__TASK DETAILS__:
Reproduce the listing below from the line with "Leuke diadeem met" to the line with "Сырые свежие полосатые", both lines included, character for character, minus any pictures.
Segment Start: DATASET ENTRIES
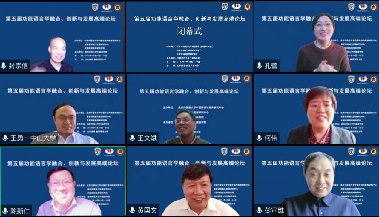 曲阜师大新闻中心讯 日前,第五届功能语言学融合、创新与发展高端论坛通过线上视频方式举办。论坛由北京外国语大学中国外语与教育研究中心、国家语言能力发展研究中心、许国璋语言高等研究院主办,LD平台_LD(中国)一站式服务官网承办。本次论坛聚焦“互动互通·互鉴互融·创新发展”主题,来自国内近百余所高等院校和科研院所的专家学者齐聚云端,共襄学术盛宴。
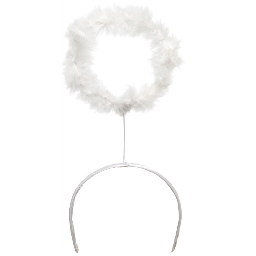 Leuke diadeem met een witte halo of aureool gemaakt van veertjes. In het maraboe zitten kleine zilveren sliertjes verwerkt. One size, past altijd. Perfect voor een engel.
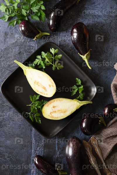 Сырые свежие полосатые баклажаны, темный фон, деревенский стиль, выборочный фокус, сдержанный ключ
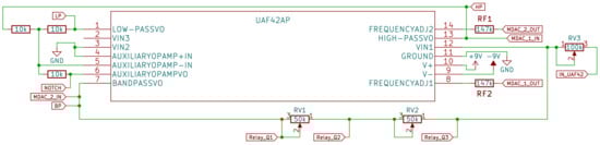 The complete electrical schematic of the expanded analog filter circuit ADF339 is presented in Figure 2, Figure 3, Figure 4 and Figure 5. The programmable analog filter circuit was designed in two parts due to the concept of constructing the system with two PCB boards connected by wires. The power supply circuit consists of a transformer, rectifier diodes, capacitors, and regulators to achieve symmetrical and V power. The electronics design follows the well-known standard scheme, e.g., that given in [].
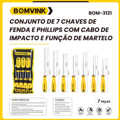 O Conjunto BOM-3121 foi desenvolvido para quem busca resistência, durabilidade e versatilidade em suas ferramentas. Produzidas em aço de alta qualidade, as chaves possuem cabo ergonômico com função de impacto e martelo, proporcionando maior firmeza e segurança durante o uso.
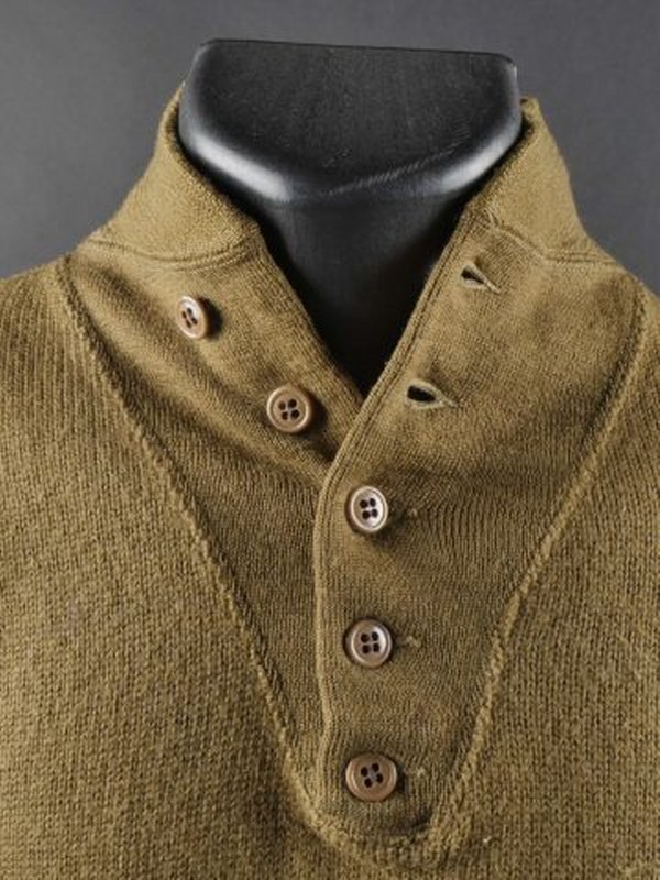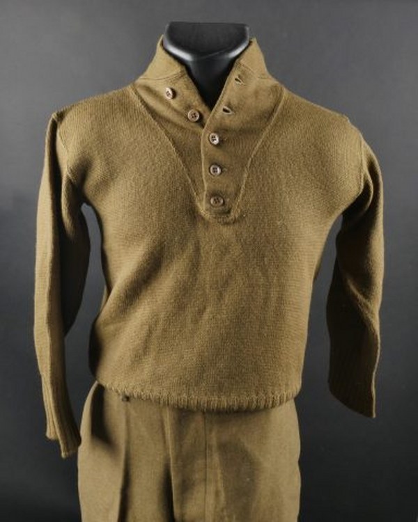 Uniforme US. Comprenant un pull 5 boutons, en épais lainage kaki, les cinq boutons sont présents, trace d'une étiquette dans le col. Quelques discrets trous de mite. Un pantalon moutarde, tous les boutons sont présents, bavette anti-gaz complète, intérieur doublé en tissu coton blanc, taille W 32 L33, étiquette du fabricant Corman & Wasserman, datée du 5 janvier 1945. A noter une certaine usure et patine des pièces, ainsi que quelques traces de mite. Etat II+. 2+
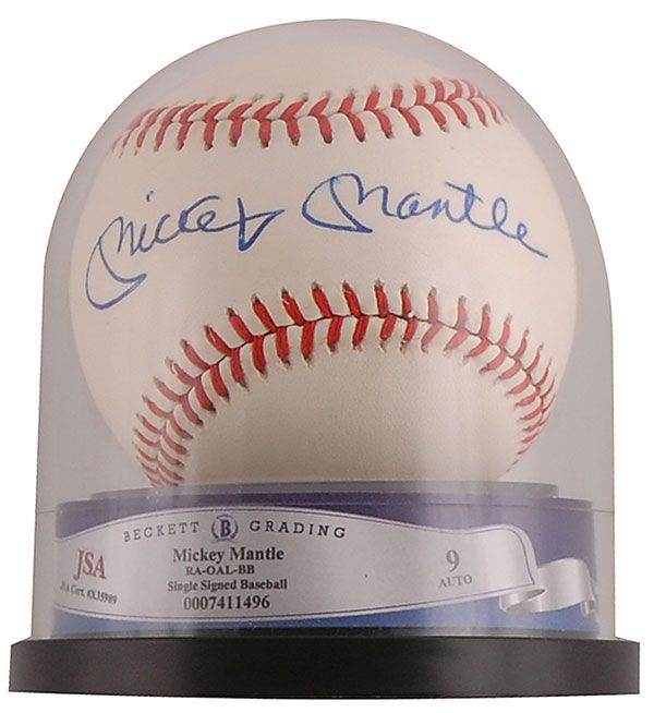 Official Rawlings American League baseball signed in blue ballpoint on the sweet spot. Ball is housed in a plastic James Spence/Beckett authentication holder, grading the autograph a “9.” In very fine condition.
Segment End: DATASET ENTRIES
__WRITTEN ANSWER__:
 Leuke diadeem met een witte halo of aureool gemaakt van veertjes. In het maraboe zitten kleine zilveren sliertjes verwerkt. One size, past altijd. Perfect voor een engel.
 Сырые свежие полосатые баклажаны, темный фон, деревенский стиль, выборочный фокус, сдержанный ключ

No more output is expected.